■ YOUR GOAL
After locating the line that holds "Albee Pouch Detail", copy that line and all that follow it word for word through the end of the data, with no pictures.

====== SUPPLIED DATA

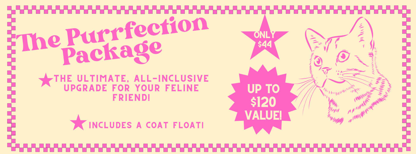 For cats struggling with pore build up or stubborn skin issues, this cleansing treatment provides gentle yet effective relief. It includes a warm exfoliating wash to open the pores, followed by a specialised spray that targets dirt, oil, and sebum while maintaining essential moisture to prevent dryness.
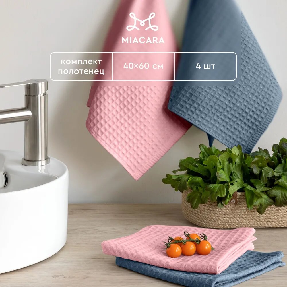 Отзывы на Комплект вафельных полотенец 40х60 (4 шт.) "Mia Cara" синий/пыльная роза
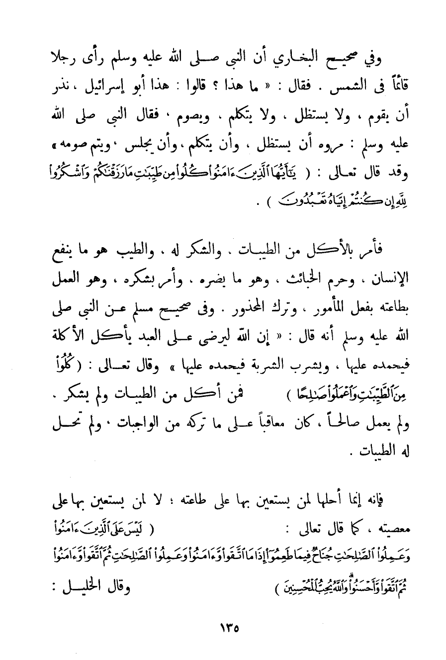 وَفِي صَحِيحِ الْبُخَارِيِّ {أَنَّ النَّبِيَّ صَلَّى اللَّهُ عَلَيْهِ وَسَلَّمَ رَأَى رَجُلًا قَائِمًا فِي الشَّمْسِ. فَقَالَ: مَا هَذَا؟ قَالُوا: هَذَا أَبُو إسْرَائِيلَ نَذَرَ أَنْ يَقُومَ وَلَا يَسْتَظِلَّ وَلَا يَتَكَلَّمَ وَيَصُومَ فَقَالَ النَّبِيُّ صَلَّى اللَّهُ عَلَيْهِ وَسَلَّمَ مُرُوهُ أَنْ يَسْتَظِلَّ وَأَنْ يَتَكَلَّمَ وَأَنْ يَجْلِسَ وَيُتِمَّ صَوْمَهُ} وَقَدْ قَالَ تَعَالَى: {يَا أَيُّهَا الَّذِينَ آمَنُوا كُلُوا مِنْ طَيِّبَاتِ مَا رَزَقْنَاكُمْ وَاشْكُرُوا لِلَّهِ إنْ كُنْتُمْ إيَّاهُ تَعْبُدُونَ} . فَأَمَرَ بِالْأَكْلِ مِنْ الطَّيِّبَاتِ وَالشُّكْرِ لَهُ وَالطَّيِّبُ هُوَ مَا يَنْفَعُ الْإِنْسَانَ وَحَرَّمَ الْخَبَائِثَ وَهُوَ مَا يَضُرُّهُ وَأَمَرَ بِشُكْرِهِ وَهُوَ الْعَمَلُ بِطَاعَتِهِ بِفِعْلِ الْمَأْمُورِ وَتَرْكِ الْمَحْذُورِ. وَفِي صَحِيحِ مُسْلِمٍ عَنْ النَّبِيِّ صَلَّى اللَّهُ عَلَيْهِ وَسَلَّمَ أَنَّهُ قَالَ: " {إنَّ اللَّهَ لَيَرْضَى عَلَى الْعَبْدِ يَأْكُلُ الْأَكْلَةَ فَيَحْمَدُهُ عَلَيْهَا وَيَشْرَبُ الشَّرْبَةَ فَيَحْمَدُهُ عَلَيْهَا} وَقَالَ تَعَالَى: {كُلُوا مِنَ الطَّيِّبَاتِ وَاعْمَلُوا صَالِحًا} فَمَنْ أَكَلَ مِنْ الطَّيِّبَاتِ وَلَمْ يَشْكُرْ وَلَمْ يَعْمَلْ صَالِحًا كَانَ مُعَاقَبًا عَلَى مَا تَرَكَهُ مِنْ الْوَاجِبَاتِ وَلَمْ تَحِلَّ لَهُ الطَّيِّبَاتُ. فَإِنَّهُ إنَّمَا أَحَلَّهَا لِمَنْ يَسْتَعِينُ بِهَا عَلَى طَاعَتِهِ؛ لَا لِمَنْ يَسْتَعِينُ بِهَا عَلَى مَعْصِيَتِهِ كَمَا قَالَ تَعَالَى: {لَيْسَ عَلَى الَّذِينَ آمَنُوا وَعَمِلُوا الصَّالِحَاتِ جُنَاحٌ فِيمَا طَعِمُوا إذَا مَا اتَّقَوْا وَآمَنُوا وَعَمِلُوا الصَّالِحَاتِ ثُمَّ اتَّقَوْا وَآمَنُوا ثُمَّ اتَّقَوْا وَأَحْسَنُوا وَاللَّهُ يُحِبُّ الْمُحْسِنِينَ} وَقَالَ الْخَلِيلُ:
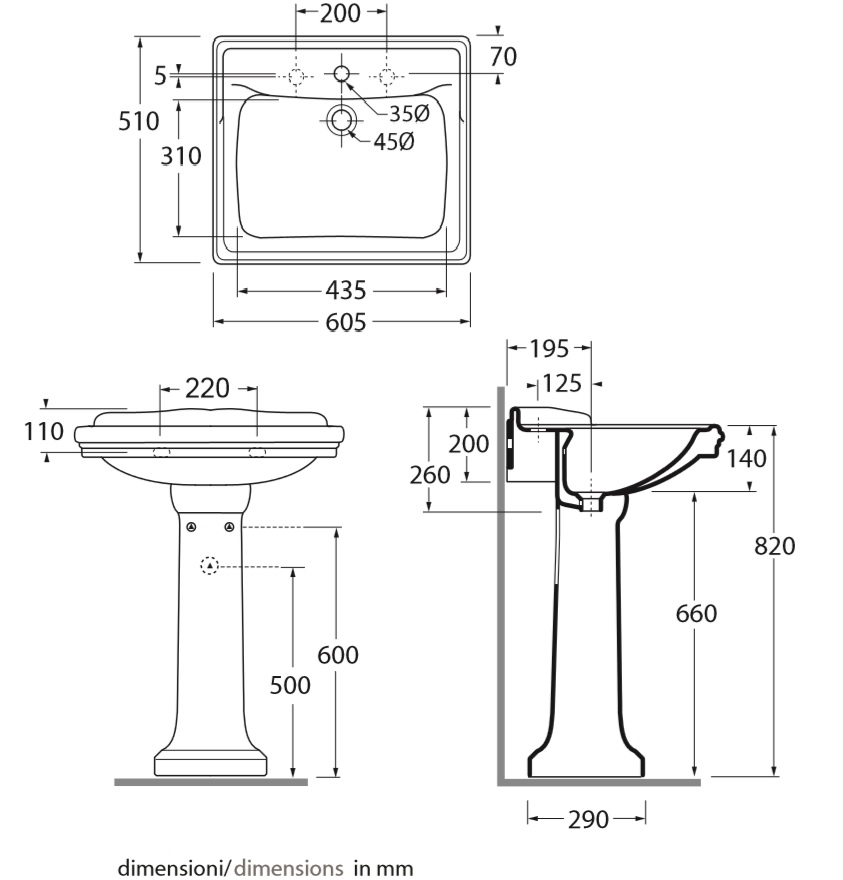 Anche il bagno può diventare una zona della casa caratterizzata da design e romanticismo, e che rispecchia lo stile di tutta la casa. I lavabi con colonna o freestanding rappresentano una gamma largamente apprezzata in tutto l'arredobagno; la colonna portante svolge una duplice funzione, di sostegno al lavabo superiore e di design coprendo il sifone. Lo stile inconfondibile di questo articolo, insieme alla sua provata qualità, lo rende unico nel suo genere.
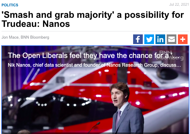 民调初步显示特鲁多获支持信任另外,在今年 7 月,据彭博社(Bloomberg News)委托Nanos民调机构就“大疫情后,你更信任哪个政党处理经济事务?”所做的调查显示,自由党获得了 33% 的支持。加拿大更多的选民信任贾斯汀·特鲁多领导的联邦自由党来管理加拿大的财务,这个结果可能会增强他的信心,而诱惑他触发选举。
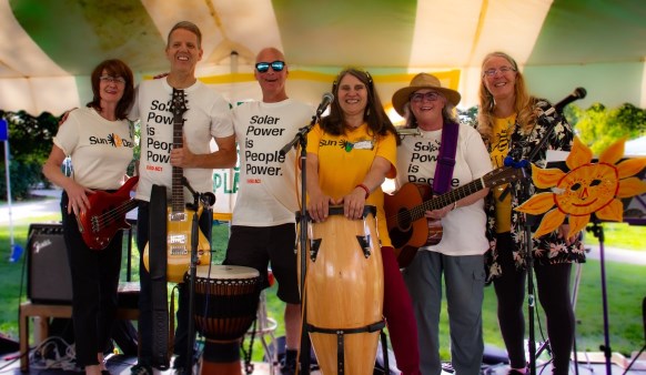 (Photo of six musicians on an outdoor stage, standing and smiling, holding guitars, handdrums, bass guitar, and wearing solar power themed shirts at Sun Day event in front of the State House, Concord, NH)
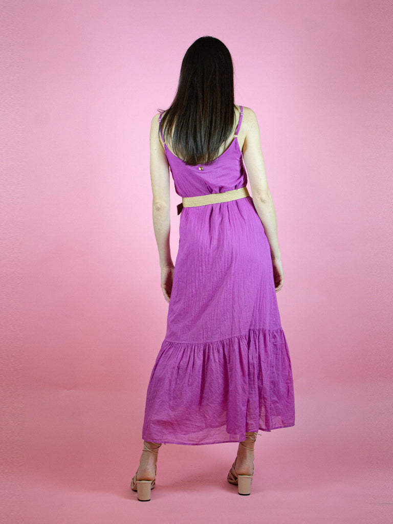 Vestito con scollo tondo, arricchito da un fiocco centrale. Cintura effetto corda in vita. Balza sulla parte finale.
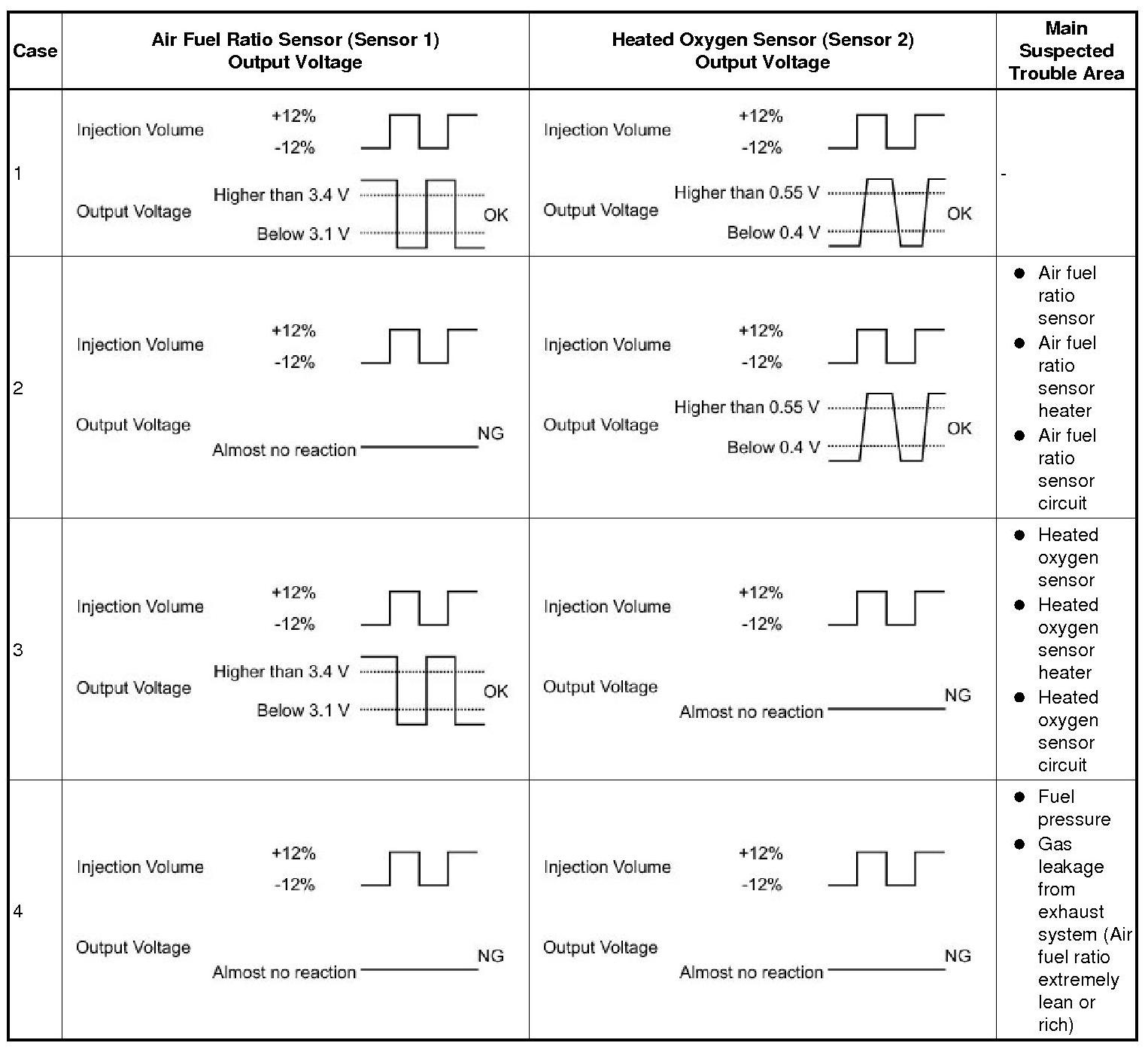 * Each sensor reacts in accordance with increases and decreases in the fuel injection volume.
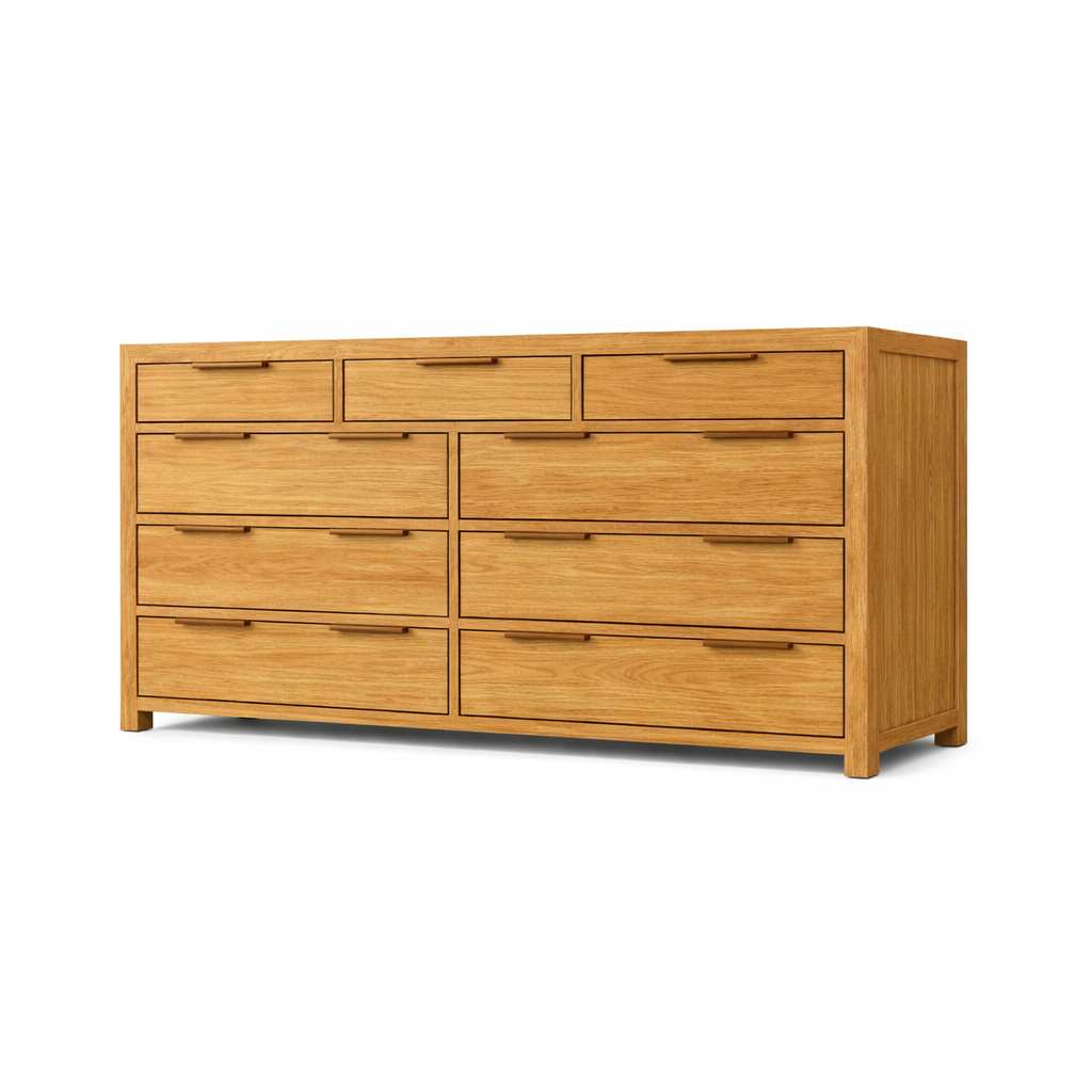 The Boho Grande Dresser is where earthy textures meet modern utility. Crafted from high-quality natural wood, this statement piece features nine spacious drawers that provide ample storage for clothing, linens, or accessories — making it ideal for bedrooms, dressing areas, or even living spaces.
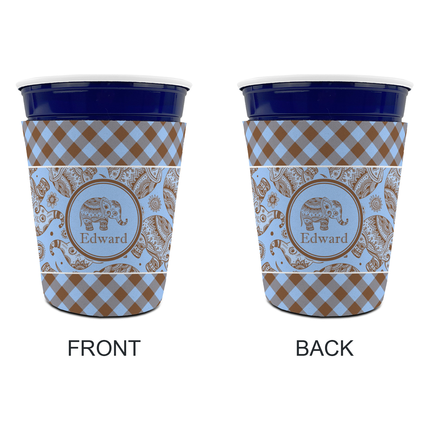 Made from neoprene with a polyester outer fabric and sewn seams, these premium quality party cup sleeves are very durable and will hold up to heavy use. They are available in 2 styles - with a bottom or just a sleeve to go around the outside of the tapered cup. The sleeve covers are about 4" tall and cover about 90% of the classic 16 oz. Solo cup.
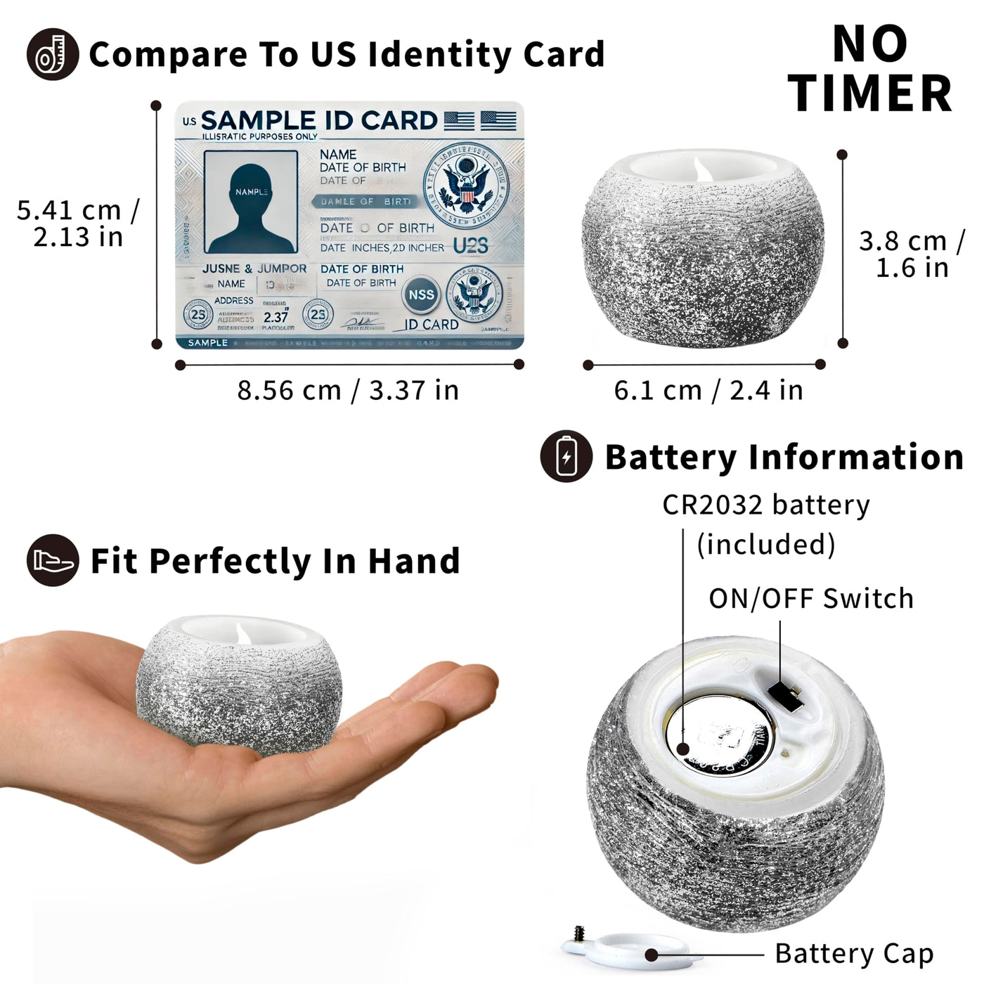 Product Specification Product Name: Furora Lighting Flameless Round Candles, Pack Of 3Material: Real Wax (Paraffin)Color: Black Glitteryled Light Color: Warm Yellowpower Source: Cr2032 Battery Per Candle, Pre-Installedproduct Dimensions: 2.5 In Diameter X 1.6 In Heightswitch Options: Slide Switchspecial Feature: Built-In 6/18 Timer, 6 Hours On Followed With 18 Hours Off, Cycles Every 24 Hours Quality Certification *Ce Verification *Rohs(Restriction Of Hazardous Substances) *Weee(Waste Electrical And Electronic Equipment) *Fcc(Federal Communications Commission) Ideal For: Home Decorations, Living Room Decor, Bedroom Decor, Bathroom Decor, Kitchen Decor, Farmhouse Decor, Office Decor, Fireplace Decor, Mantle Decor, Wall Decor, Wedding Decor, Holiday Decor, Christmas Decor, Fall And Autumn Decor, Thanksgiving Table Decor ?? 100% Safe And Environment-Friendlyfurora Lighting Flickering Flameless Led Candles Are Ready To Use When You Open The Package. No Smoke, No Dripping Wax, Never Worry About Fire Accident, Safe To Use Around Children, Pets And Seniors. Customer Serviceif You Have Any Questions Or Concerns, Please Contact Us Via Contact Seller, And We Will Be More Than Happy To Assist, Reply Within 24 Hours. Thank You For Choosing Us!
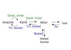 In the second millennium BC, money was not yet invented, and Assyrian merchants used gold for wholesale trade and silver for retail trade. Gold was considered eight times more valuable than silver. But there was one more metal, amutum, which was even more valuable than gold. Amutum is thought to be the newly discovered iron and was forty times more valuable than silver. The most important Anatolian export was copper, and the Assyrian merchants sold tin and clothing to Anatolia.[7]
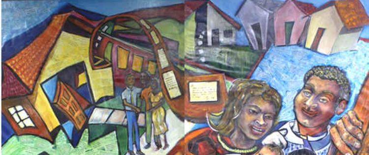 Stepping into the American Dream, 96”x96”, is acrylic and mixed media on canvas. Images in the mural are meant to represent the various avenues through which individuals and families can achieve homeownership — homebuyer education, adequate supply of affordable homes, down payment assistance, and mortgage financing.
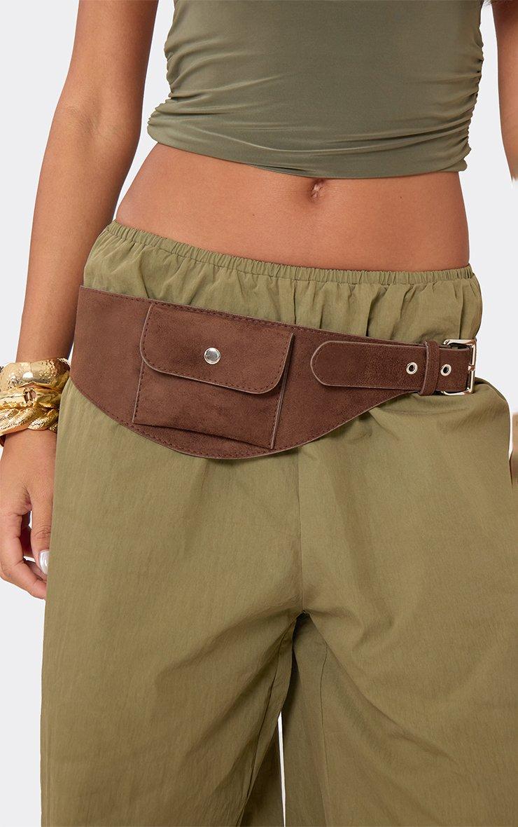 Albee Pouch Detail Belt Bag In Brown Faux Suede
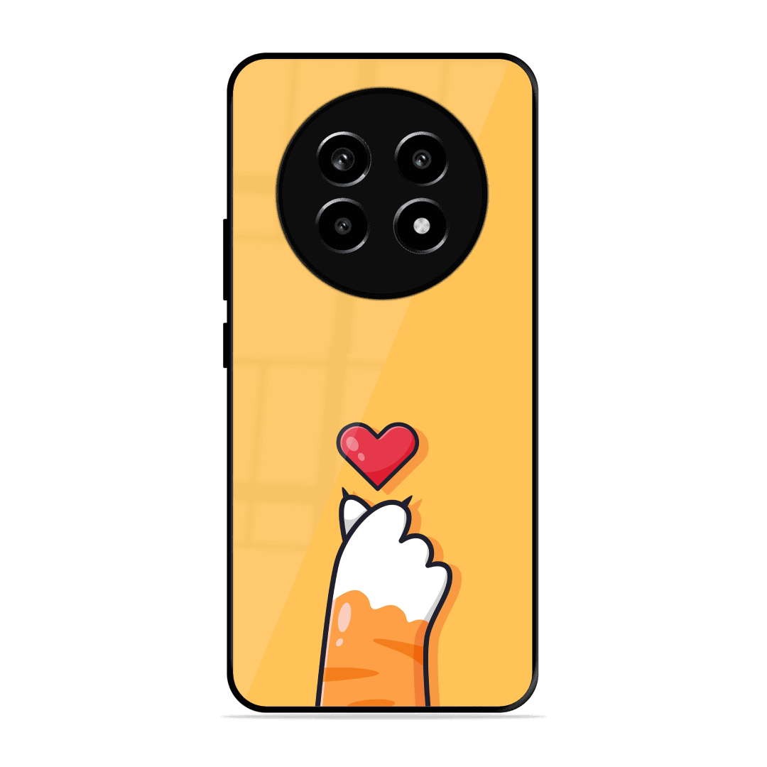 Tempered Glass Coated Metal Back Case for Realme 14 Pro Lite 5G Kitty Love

============

■ ANSWER AREA
 Albee Pouch Detail Belt Bag In Brown Faux Suede
 Tempered Glass Coated Metal Back Case for Realme 14 Pro Lite 5G Kitty Love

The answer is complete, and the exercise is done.